ASSIGNMENT: In the listing that follows, the lines starting at the one containing "FTK imager를 이용해, 레지스트리를" and ending at the one containing "一台在2022年工作的Sti" are to be returned exactly, both boundary lines included, and no others.
** MATERIAL FOR THIS EXERCISE follows **
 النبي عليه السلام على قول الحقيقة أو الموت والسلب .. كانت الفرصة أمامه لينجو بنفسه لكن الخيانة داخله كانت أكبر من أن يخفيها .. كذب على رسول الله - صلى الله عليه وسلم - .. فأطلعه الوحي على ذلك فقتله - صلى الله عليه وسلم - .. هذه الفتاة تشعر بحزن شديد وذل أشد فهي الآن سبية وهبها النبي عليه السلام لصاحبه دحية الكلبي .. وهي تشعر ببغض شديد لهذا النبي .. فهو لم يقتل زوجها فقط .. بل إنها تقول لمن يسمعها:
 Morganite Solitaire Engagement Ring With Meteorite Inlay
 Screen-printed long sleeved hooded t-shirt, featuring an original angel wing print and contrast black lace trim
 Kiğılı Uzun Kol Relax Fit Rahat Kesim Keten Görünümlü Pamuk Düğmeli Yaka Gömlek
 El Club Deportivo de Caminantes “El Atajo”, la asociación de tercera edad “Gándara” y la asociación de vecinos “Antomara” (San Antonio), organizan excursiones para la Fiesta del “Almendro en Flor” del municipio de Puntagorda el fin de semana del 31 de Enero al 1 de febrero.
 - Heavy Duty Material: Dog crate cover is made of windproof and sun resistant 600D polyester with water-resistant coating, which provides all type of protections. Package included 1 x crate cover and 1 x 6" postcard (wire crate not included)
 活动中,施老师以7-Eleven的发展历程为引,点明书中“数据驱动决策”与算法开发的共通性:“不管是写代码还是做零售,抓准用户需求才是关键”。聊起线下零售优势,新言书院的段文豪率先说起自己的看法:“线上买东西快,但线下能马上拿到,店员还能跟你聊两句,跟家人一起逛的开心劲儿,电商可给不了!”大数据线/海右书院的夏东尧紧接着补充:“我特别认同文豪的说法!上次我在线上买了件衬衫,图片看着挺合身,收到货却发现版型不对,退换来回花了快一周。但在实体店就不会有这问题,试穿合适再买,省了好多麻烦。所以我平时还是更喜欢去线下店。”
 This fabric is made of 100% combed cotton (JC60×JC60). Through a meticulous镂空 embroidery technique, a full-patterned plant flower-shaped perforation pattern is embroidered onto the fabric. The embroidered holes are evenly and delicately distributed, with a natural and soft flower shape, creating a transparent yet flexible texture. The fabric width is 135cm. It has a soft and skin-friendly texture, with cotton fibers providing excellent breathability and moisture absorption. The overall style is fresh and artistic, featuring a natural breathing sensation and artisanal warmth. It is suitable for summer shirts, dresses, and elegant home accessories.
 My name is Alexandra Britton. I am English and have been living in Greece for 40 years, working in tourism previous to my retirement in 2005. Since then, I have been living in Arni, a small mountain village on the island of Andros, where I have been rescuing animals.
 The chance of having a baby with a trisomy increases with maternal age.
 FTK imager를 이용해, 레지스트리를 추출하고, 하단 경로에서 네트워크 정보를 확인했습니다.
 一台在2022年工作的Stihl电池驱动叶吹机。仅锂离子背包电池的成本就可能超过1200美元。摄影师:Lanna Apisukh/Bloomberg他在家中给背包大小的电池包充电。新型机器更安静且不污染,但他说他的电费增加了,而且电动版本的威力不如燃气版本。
** End of MATERIAL FOR THIS EXERCISE **
** MATERIAL FOR THIS EXERCISE follows **
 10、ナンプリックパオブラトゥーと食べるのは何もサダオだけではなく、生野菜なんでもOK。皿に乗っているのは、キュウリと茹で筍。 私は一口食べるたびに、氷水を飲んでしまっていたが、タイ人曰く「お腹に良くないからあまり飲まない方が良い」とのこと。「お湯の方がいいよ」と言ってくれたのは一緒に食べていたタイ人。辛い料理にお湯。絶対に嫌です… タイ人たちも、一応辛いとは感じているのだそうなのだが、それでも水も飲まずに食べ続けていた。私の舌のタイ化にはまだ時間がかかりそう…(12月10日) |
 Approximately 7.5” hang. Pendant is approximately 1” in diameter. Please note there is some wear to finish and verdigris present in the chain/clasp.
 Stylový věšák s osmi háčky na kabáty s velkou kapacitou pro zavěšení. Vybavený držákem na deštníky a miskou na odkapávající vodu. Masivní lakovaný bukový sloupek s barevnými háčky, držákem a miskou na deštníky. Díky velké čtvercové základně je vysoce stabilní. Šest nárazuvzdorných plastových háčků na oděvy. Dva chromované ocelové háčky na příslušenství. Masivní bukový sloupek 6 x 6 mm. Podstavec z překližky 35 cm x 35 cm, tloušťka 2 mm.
** End of MATERIAL FOR THIS EXERCISE **
WRITTEN REPLY:
 FTK imager를 이용해, 레지스트리를 추출하고, 하단 경로에서 네트워크 정보를 확인했습니다.
 一台在2022年工作的Stihl电池驱动叶吹机。仅锂离子背包电池的成本就可能超过1200美元。摄影师:Lanna Apisukh/Bloomberg他在家中给背包大小的电池包充电。新型机器更安静且不污染,但他说他的电费增加了,而且电动版本的威力不如燃气版本。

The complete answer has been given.